Novel nitrogen-enriched activated carbon with tunable microporosity from agricultural and plastic waste for CO2 adsorption

Abstract

Low-cost nitrogen-enriched activated carbons (PNACs) with high microporosity were prepared by a simple one-step activation doping process using KOH as a chemical activator and melamine formaldehyde (MF) as a nitrogen source. These PNACs have shown great potential as effective CO2 adsorbents. The resulting PNACs were mainly microporous structure, with surface areas ranging from 736 to 2144 m2/g and total pore volumes ranging from 0.565 to 1.366 cm3/g. The CO2 adsorption capacities of PNACs were in the range of 2.53-6.07 mmol/g and 1.59–4.13 mmol/g at 0 °C and 25 °C under 1 bar, respectively. Additionally, the CO2/N2 selectivity of the PNACs ranges from 11.15 to 26.86 at a CO2 partial pressure of 0.1 bar.

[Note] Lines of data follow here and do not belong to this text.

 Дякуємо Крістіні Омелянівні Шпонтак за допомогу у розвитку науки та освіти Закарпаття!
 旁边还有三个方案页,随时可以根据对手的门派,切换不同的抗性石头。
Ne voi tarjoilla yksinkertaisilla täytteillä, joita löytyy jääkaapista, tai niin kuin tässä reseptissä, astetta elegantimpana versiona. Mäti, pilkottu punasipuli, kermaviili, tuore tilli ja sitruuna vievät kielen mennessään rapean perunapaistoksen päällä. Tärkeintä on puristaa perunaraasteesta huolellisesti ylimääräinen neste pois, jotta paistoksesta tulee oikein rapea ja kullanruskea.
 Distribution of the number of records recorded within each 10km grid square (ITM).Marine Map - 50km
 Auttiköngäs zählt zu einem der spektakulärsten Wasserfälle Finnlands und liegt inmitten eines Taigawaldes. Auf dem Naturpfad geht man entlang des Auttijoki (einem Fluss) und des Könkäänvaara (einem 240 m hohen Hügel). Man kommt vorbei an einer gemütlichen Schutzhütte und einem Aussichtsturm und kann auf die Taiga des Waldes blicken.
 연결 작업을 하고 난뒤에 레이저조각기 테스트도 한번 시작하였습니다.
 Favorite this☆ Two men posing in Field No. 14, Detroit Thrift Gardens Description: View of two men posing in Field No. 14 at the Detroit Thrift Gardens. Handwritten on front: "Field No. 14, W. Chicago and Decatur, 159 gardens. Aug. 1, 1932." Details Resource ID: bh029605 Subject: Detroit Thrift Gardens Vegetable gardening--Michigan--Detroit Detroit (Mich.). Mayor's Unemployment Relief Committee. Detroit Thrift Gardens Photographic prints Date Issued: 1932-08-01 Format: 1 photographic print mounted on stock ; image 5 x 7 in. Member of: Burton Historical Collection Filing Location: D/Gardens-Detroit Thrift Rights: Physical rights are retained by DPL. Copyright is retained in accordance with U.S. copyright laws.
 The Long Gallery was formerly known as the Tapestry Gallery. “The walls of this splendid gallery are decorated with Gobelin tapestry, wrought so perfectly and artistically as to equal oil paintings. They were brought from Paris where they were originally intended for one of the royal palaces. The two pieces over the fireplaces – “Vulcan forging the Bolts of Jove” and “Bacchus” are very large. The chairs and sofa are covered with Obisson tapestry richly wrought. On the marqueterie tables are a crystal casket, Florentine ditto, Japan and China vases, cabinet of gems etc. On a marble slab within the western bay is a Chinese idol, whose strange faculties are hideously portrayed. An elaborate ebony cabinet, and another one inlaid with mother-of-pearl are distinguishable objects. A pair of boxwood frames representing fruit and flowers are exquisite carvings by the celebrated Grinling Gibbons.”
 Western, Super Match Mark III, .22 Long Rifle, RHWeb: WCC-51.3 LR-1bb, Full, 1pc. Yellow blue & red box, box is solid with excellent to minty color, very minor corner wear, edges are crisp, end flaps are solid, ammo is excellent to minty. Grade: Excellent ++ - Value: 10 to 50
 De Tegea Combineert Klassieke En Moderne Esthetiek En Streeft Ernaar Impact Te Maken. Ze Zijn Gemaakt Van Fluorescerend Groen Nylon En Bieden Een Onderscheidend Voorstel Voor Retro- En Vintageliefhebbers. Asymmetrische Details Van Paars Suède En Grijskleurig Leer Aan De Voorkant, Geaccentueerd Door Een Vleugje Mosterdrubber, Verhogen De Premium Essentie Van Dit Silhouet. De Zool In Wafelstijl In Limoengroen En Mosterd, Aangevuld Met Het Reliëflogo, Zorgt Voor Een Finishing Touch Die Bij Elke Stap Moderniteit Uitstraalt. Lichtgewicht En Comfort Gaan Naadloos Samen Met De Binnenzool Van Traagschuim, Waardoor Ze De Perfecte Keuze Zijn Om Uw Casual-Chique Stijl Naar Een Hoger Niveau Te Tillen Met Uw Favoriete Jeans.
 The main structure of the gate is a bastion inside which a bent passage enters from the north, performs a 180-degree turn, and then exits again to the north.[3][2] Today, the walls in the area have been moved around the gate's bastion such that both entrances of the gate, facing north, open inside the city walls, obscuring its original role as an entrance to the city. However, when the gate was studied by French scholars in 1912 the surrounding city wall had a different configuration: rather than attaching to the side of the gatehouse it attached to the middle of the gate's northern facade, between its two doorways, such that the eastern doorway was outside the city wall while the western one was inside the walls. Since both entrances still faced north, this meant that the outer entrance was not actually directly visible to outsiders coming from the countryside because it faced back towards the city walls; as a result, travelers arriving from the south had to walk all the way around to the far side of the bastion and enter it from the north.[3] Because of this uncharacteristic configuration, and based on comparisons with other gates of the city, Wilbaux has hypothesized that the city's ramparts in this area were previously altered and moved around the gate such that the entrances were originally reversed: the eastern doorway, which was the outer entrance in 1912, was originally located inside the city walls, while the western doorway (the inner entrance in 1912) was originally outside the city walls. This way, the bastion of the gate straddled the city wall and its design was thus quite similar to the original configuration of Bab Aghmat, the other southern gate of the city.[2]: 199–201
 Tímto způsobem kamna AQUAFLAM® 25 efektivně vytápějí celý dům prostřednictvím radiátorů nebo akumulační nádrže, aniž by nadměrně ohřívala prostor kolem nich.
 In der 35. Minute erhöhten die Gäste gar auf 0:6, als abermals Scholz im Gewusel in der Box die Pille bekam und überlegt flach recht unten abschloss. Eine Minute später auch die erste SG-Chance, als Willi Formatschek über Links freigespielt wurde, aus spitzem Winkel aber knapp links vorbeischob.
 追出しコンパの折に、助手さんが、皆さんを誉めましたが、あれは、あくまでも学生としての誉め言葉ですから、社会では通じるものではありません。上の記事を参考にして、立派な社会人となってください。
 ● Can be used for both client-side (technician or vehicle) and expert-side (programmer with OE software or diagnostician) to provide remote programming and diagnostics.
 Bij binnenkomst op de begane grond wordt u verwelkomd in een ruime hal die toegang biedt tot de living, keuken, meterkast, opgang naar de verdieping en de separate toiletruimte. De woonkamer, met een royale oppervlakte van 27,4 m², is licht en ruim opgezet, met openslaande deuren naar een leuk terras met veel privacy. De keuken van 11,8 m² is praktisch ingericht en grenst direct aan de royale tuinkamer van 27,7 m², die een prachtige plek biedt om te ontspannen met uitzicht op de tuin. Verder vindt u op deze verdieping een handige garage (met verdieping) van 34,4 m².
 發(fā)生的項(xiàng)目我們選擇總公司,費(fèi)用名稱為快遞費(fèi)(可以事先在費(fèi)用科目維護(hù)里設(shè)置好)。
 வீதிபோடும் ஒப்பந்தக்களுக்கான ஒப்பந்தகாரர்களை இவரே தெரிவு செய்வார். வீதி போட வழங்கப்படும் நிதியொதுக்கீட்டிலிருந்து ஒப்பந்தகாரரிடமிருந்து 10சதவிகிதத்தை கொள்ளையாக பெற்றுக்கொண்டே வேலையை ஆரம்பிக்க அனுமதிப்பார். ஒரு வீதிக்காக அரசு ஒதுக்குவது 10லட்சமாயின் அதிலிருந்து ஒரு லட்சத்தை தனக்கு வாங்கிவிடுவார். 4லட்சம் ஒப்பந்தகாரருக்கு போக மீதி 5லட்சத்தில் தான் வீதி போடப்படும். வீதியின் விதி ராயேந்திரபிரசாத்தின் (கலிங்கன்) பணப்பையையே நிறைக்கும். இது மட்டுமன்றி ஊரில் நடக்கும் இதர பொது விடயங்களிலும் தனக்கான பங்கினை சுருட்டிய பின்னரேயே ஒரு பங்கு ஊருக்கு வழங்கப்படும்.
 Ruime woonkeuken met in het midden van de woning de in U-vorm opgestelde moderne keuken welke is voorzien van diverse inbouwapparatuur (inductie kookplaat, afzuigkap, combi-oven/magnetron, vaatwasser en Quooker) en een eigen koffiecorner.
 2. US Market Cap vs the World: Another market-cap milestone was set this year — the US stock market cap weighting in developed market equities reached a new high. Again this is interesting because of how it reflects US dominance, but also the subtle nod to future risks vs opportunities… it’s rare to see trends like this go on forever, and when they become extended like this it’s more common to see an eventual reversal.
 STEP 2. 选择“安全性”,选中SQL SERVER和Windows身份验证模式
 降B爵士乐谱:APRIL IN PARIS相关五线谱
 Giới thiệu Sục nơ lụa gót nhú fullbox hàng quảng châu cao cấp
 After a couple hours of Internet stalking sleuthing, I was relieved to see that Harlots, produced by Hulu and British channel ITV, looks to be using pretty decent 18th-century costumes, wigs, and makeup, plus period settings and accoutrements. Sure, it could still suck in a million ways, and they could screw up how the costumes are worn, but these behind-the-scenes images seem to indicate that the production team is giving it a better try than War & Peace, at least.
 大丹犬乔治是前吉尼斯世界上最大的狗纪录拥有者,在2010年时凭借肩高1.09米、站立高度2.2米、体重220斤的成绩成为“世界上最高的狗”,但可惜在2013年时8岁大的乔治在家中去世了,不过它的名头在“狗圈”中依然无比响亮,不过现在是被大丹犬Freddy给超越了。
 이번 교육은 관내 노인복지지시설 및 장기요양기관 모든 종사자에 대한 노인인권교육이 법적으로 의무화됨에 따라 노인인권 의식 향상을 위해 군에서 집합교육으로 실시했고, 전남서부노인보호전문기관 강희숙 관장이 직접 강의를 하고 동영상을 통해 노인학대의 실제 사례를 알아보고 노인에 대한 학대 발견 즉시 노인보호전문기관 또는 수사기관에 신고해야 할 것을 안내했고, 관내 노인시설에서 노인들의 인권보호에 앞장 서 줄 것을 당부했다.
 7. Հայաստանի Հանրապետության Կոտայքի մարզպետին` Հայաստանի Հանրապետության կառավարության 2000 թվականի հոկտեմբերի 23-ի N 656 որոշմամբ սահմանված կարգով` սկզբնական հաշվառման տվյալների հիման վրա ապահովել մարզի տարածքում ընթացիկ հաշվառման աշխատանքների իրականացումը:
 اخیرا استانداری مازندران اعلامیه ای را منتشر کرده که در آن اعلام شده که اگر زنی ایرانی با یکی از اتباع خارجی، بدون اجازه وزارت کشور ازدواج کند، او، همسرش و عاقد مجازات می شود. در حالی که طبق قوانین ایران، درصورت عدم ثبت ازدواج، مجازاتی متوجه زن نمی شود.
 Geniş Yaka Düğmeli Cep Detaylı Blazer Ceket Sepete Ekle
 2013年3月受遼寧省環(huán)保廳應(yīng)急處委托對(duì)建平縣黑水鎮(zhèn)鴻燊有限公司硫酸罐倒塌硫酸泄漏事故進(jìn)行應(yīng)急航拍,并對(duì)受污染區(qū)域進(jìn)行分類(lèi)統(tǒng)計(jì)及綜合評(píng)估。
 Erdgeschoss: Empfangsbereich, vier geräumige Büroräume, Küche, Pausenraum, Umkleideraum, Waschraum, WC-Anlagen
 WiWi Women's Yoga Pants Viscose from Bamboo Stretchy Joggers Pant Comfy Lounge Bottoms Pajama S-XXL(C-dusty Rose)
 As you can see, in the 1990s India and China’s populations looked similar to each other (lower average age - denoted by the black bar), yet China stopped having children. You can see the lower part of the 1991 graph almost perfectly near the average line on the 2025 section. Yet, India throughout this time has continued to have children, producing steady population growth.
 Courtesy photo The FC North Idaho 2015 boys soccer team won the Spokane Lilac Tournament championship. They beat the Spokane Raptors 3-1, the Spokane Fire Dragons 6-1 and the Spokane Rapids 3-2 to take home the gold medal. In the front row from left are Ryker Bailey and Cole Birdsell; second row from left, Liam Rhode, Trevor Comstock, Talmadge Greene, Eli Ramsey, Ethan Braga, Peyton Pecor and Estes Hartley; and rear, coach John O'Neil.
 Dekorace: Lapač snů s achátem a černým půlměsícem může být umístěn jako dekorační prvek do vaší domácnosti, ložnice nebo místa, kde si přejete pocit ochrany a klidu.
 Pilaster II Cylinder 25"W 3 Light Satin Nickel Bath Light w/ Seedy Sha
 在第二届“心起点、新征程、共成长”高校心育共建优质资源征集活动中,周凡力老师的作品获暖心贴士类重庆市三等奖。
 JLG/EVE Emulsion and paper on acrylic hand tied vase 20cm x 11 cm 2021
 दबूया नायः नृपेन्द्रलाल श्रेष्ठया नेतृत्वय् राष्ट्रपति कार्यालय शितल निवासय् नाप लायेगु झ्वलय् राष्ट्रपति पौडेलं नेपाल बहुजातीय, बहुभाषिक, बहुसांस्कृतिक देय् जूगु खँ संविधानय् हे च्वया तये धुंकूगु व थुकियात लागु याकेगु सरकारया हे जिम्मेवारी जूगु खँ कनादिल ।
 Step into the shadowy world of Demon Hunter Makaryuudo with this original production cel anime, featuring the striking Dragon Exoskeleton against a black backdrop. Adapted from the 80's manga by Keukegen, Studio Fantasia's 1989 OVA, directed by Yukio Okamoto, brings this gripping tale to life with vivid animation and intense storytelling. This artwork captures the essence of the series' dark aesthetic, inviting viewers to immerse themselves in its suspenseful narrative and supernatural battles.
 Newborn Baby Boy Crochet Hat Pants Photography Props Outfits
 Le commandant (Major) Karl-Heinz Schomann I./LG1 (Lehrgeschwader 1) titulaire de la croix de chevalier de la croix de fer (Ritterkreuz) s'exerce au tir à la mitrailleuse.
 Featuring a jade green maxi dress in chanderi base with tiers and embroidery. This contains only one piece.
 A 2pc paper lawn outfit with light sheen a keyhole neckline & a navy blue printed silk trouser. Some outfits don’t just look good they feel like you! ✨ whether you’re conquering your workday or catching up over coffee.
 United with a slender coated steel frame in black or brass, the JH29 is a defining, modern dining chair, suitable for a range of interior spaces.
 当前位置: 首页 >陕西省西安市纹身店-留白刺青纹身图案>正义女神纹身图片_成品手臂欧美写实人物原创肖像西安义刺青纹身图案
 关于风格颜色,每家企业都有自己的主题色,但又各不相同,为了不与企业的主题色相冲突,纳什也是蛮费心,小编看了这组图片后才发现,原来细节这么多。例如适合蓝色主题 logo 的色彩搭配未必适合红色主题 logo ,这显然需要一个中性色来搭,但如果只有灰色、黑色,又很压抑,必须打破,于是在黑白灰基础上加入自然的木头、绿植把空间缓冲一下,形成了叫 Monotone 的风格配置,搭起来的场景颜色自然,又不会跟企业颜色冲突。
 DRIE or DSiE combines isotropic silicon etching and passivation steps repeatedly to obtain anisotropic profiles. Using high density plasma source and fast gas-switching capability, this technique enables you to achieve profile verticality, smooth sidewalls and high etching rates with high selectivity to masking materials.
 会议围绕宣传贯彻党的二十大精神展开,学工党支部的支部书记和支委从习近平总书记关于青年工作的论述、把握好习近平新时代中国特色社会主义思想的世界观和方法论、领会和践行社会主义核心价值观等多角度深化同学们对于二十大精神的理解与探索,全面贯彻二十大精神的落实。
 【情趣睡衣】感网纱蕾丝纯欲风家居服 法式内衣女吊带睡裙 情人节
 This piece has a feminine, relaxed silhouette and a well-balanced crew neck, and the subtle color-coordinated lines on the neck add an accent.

The experimental isotherm data were analyzed using various equations and the Toth isotherm equation was found to be the most accurate mathematical model to describe the CO2 adsorption isotherm of the activated carbon. This result further confirms that PNACs have a non-homogeneous pore structure. The exceptional CO2 adsorption properties can be attributed to the high microporosity and nitrogen content of the PNACs. The relationship between the physicochemical properties and CO2 adsorption performance of the activated carbon was further investigated by relevance analysis. At 0 °C and 1 bar, it was observed that the pore structure played a predominant role in the CO2 adsorption process of PNACs. During this condition, PNACs mainly exhibited physical adsorption, which was primarily governed by the microporous filling mechanism. However, at 25 °C and 1 bar, both microporosity and nitrogen content contribute equally to the CO2 adsorption effect. This observation confirms that the pore structure and nitrogen functional groups work synergistically to influence the CO2 adsorption performance of PNACs. The adsorption mechanism of PNACs can be described as physical adsorption, driven by the cooperation between nitrogen functional groups and the filling of micropores. This innovative one-step activation doping process successfully converts agricultural and plastic waste into sustainable and high-performance CO2 adsorbents. It provides new insights for mitigating the greenhouse effect and addressing the issue of plastic pollution.